I wondered absently whether he was this skilful a kisser normally, or was it the combination of us together that made it so amazing? I lost myself in his kiss. Disoriented to time and place, it was just the two of us... Everything else just fell away. The kiss was everything. The kiss was... sex. More than sex. Have you ever been kissed by someone and it felt like everything? Like more than sex? A kiss so good you don’t need to take it further, because there is no further. Well this kiss was like that. It was the kiss to end all kisses. I can’t remember the last time a standalone kiss had felt so powerful. So completely all-consuming.
But of course, we did take it further. And it’s not to say that what happened next was any less perfect... or breath-taking or mind-altering or soul-changing. Because the sex was all of those things. But if I could help you understand, even in just a small way, how epic just the kiss was... then I really don’t think I need to put the sex itself into words. Even in my own mind, when I think of the sex with this man, the words escape me. All I see are images; moving pictures like snapshots of time; like a roll of film tracking through an old-fashioned projector. Flashes of two naked bodies slick with sweat, fitting perfectly together, and moving in synchrony; in the most effortless harmony. The words don’t exist, only the feelings do. And that feeling of being with him, it will forever haunt me; it will forever be the sweetest memory. It’s true that we knew nothing about each other. Yet somehow it didn't matter. This was a soul connection. Some deep primal part of me was drawn inexplicably to some deep part of him.
Afterwards, we lay in bed and fell into easy conversation. After just a few minutes of talking to him, I could tell that he was a nice man. A polite, decent and genuine man. But it struck me as odd that there was nothing immediately profound about our conversation. On a personality level, there was no instant connection; no sense that we may have met in a past life; no homage to the significance of the experience we had just shared. But then again, what could compare to the physical connection we just experienced? Anything is going to pale in comparison to that. Was it any wonder that our topics of conversation were so utterly underwhelming compared with the gravity of what had just transpired between us? Eventually as we lay in wake of the unequivocal passion that had so recently materialised from thin air, we just sunk into a kind of comfortable silence. "Comfortable,” being the key word.

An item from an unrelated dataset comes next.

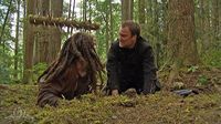 Nachdem sie das Dorf evakuiert haben, gehen Ronon und Rodney in den Wald, um Keller zu suchen, welche gerade wieder erwacht und ihren Entführer weiter mit Fragen löchert. Dieser sagt nun immerhin, dass er ein Läufer ist. Während Ronon weiter Spuren liest, erklärt Rodney ihm, dass er sich vor jeder Mission die Planetendaten auf seinen Computer lädt, den er immer dabei hat. Da Ronon ihm vorwirft, ohne die technischen Sachen nicht auszukommen, erzählt Rodney von seiner Zeit als Pfadfinder: Er wurde aus der Gruppe verwiesen, aber das Handbuch des Pfadfindervereins besitzt er noch. Ronon sieht inzwischen Wraithblut auf dem Weg und Spuren. Er folgt ihnen, mit einem Stock den Weg abtastend, und sticht an einer Stelle bei den Spuren mit den Zweig auf den Boden: Eine Falltür öffnet sich, darunter befindet sich eine tödliche Falle.

It was… well... it was nice. Just very very nice.
And because it was so very nice, I did the one thing I’ve never done in all my years of escorting. I started to wonder what if? What if there’s potential here? What if he’s the one I’ve been waiting for? Until now, I had actually been convinced that I was not waiting for a man at all. But what if I just didn’t know that I wanted a man until I met him? Could this person be my future? Was this man lying right here beside me, the One? The ever-elusive soulmate?
Then the voice of sanity chimed in, trying frantically to halt the train of thought that was quickly running out of control. “Don’t be silly Jasmine. It was just great chemistry, something you’ve had with other men before. Don’t fall for it.”
But then came the other voice again, more quietly this time so that I had to strain to hear it. Yet as it played over and over again in my mind, that voice became as loud and resounding as if the words were right there hanging in the air… “Yes, you have felt chemistry before, but this… this was different.”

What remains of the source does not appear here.